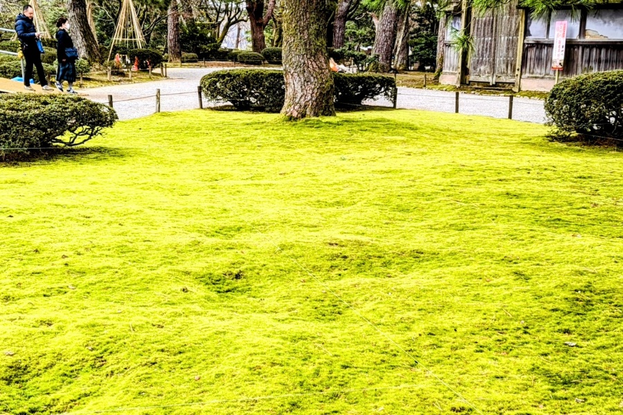 高い湿度は、庭園の美しさを支える「苔」を瑞々しく育てます。兼六園には数十種類の苔が生育しているといわれ、一年を通して深い緑の絨毯が広がります。雨上がりにしずくを湛えて輝く緑は、晴天の日よりも幻想的です。
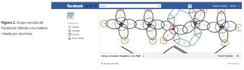 El objetivo de nuestro trabajo es analizar el uso de plataformas virtuales por parte de los alumnos que se encuentran cursando la asignatura Química Orgánica II, materia del segundo año de las carreras de Farmacia y Bioquímica de la Universidad de Buenos Aires. Para ello comparamos el uso del Campus Virtual de la materia, basado en la plataforma Moodle (figura 1), y la participación en grupos de Facebook como ejemplos de apoyos educativos formales e informales, respectivamente, para el seguimiento de la materia. En el caso de Facebook, se trata de un grupo cerrado creado por los alumnos con 446 miembros denominado "Estoy cursando orgánica 2en FFyB" (figura 2).
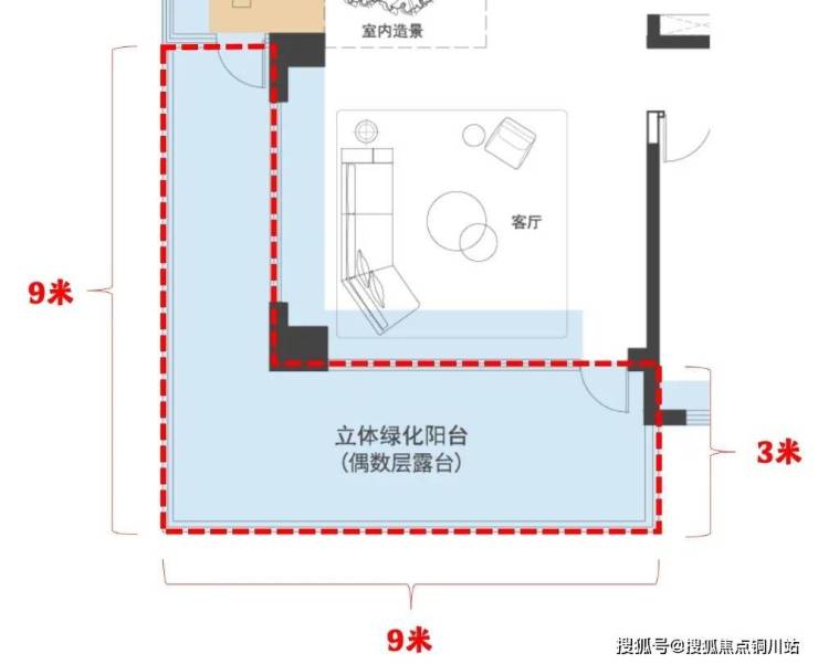 粗略计算了下,这个露台接近40㎡,相当于直接增加了一个客厅的面积,可以在露台打造秘密花园、品茗、举办派对。

Problem description
Print each line above exactly as it appears, excluding all images.

Answer to the exercise
 高い湿度は、庭園の美しさを支える「苔」を瑞々しく育てます。兼六園には数十種類の苔が生育しているといわれ、一年を通して深い緑の絨毯が広がります。雨上がりにしずくを湛えて輝く緑は、晴天の日よりも幻想的です。
 El objetivo de nuestro trabajo es analizar el uso de plataformas virtuales por parte de los alumnos que se encuentran cursando la asignatura Química Orgánica II, materia del segundo año de las carreras de Farmacia y Bioquímica de la Universidad de Buenos Aires. Para ello comparamos el uso del Campus Virtual de la materia, basado en la plataforma Moodle (figura 1), y la participación en grupos de Facebook como ejemplos de apoyos educativos formales e informales, respectivamente, para el seguimiento de la materia. En el caso de Facebook, se trata de un grupo cerrado creado por los alumnos con 446 miembros denominado "Estoy cursando orgánica 2en FFyB" (figura 2).
 粗略计算了下,这个露台接近40㎡,相当于直接增加了一个客厅的面积,可以在露台打造秘密花园、品茗、举办派对。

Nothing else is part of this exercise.